Task prompt
The response should reproduce exactly the lines from the top of the listing below through the one that contains "圖2中,clk為時(shí)", and nothing else; pictures do not belong in it.

──────────

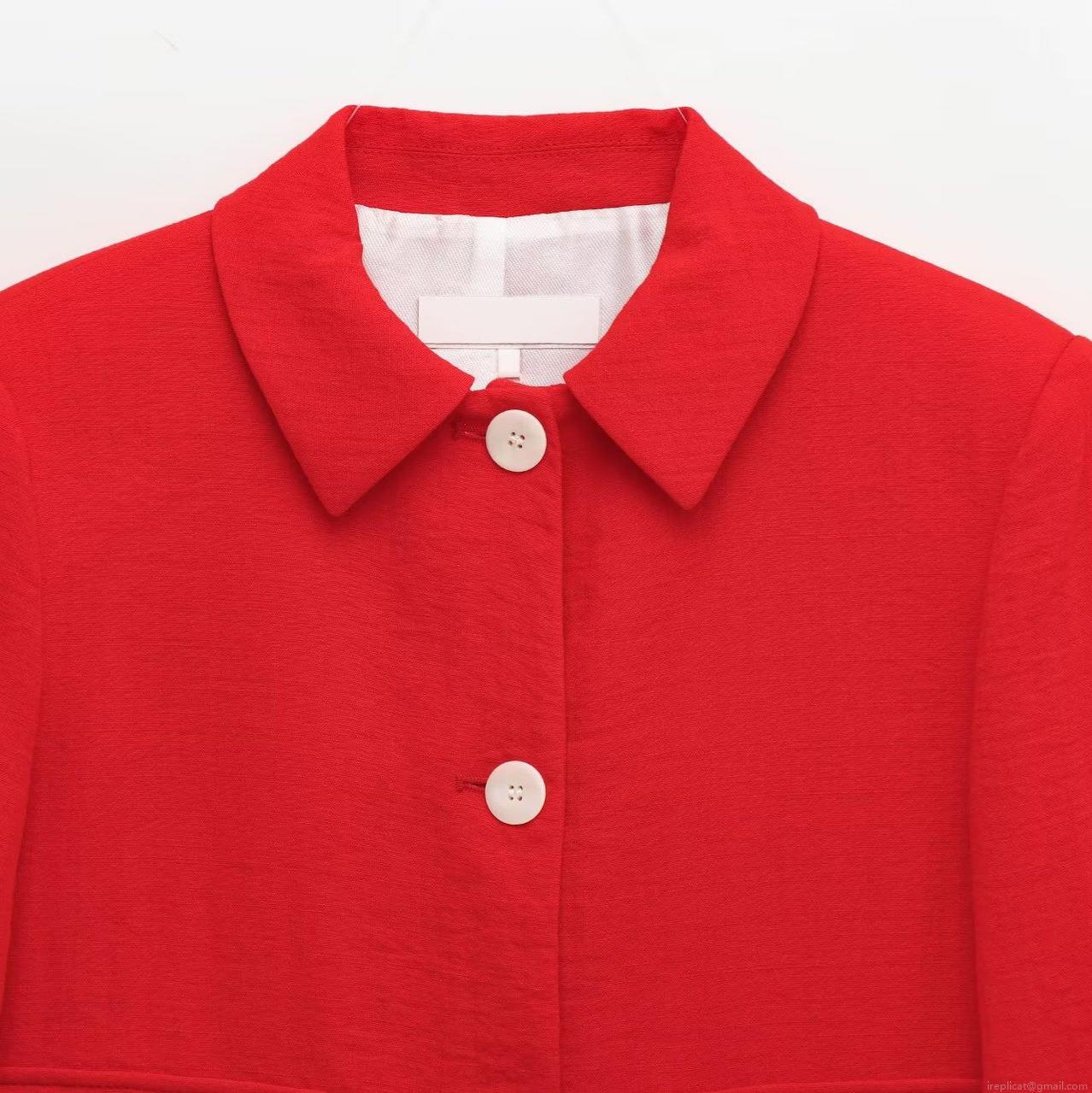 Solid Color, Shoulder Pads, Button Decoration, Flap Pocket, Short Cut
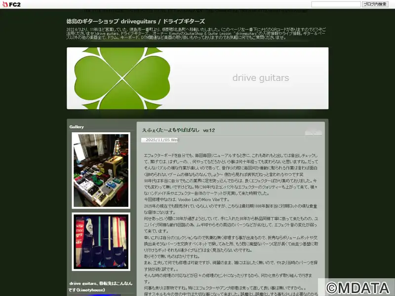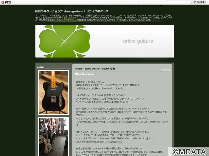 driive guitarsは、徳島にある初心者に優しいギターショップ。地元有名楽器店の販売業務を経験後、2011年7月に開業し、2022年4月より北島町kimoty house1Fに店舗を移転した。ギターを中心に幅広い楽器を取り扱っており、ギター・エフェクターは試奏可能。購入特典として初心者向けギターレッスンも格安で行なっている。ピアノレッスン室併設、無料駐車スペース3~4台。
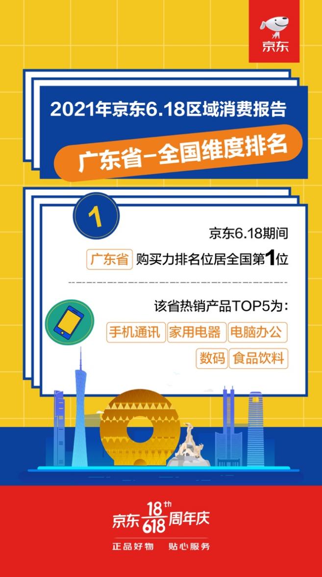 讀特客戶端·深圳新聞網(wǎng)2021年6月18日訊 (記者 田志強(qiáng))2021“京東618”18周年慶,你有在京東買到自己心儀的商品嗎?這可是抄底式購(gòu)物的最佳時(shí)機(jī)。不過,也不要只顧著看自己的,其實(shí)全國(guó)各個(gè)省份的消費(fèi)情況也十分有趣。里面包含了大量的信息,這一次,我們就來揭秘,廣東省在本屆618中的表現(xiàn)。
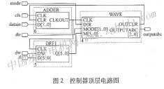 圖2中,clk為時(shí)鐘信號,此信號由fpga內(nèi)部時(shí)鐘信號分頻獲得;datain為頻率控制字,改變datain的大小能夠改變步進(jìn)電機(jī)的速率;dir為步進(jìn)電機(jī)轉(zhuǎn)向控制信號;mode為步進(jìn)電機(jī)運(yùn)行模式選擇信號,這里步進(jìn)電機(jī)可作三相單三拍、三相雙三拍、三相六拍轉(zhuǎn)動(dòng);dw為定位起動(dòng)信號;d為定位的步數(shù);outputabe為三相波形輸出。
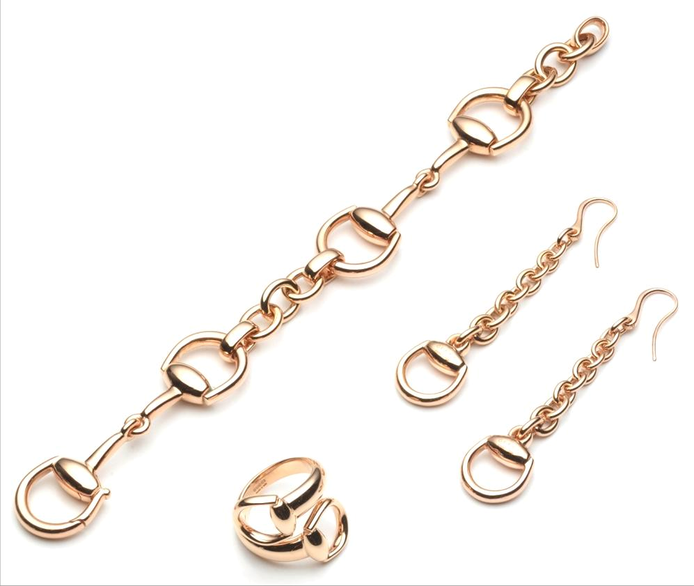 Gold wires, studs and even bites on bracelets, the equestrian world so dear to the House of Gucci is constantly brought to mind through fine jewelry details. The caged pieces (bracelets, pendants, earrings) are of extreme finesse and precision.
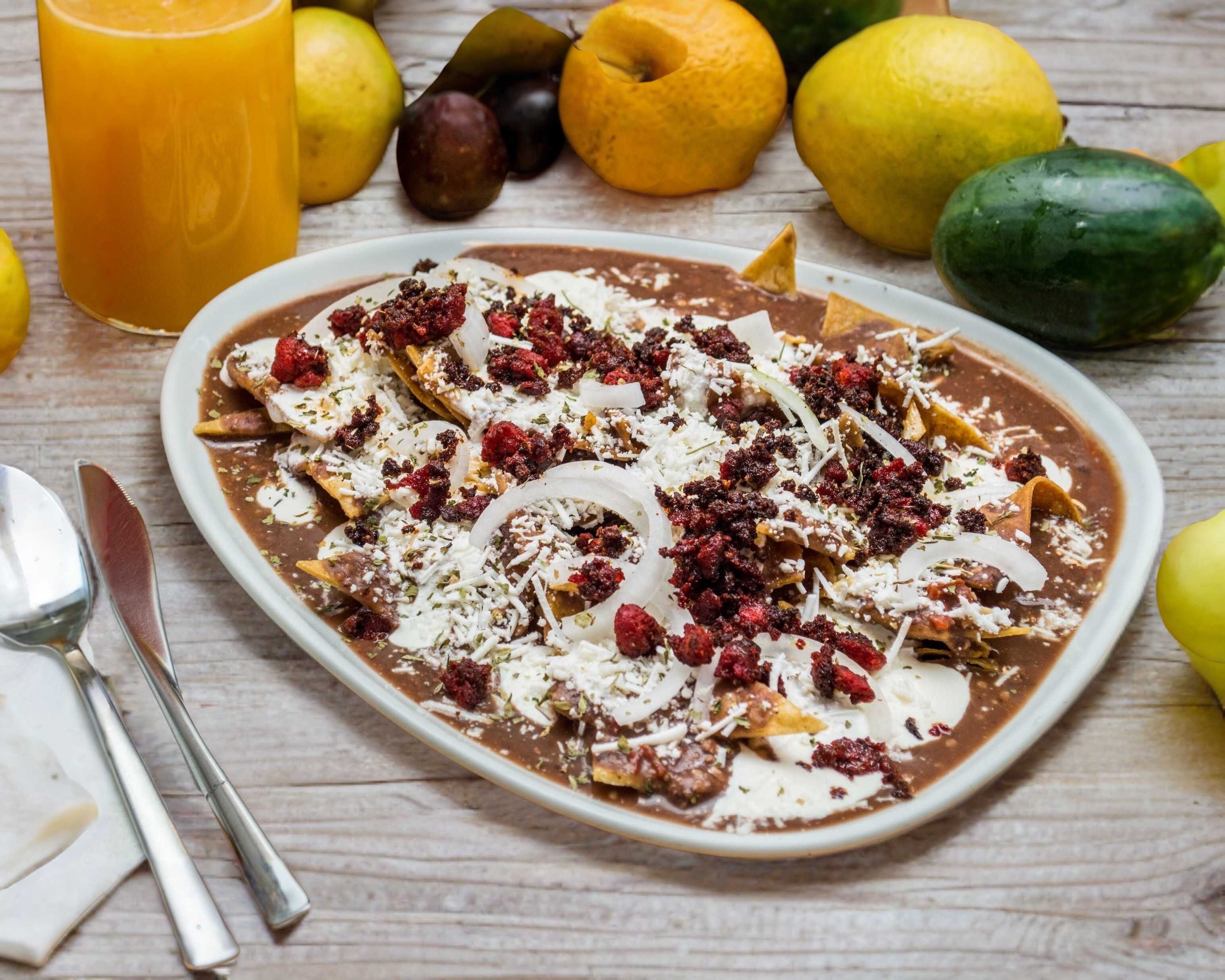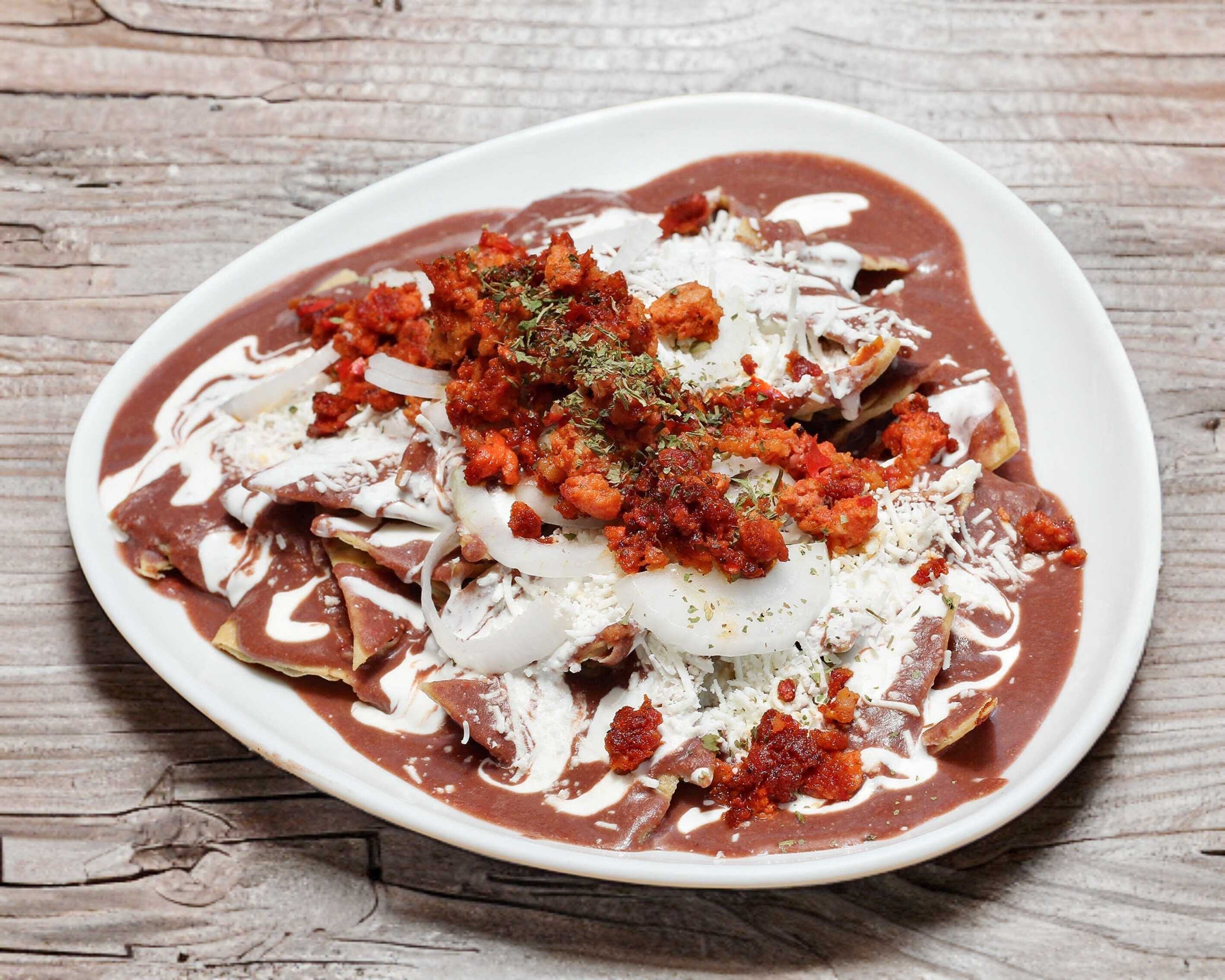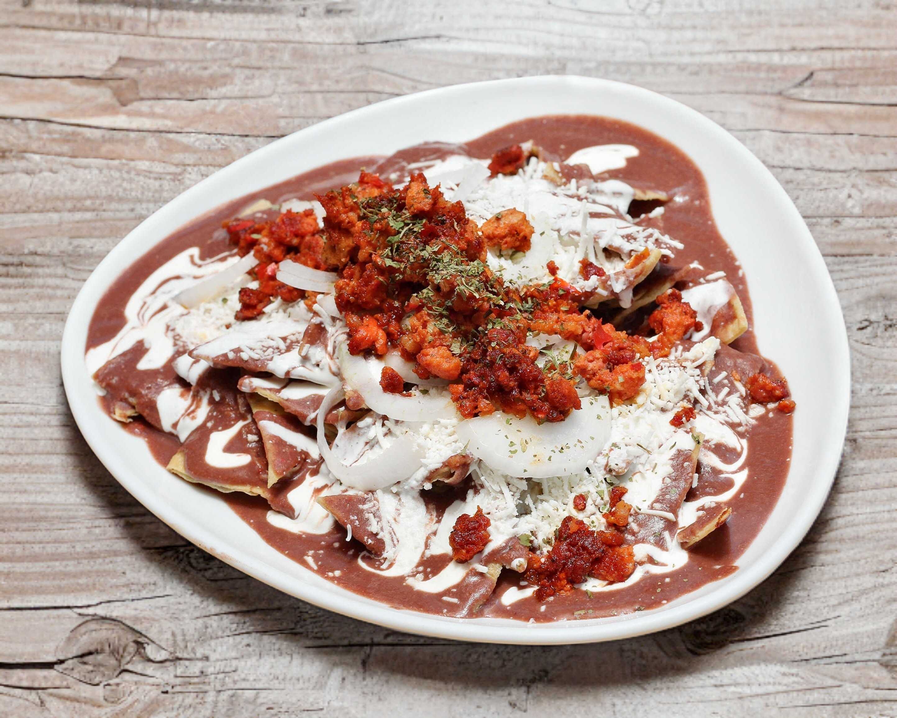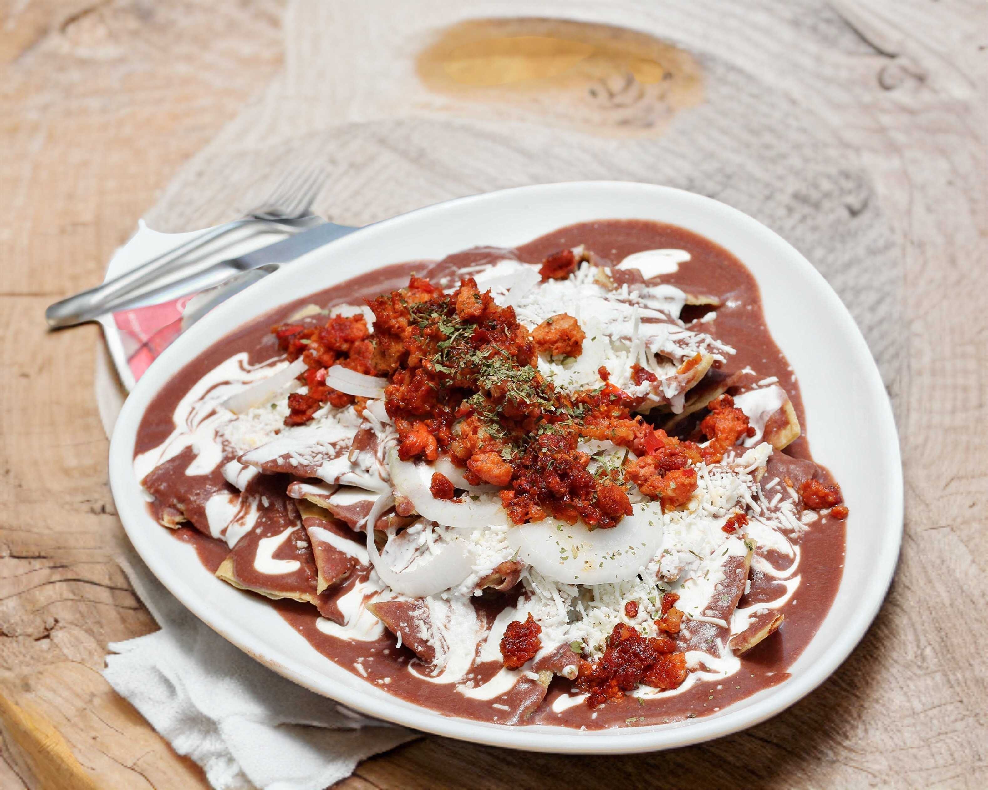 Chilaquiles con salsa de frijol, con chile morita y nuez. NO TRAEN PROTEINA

──────────

Output below
 Solid Color, Shoulder Pads, Button Decoration, Flap Pocket, Short Cut
 driive guitarsは、徳島にある初心者に優しいギターショップ。地元有名楽器店の販売業務を経験後、2011年7月に開業し、2022年4月より北島町kimoty house1Fに店舗を移転した。ギターを中心に幅広い楽器を取り扱っており、ギター・エフェクターは試奏可能。購入特典として初心者向けギターレッスンも格安で行なっている。ピアノレッスン室併設、無料駐車スペース3~4台。
 讀特客戶端·深圳新聞網(wǎng)2021年6月18日訊 (記者 田志強(qiáng))2021“京東618”18周年慶,你有在京東買到自己心儀的商品嗎?這可是抄底式購(gòu)物的最佳時(shí)機(jī)。不過,也不要只顧著看自己的,其實(shí)全國(guó)各個(gè)省份的消費(fèi)情況也十分有趣。里面包含了大量的信息,這一次,我們就來揭秘,廣東省在本屆618中的表現(xiàn)。
 圖2中,clk為時(shí)鐘信號,此信號由fpga內(nèi)部時(shí)鐘信號分頻獲得;datain為頻率控制字,改變datain的大小能夠改變步進(jìn)電機(jī)的速率;dir為步進(jìn)電機(jī)轉(zhuǎn)向控制信號;mode為步進(jìn)電機(jī)運(yùn)行模式選擇信號,這里步進(jìn)電機(jī)可作三相單三拍、三相雙三拍、三相六拍轉(zhuǎn)動(dòng);dw為定位起動(dòng)信號;d為定位的步數(shù);outputabe為三相波形輸出。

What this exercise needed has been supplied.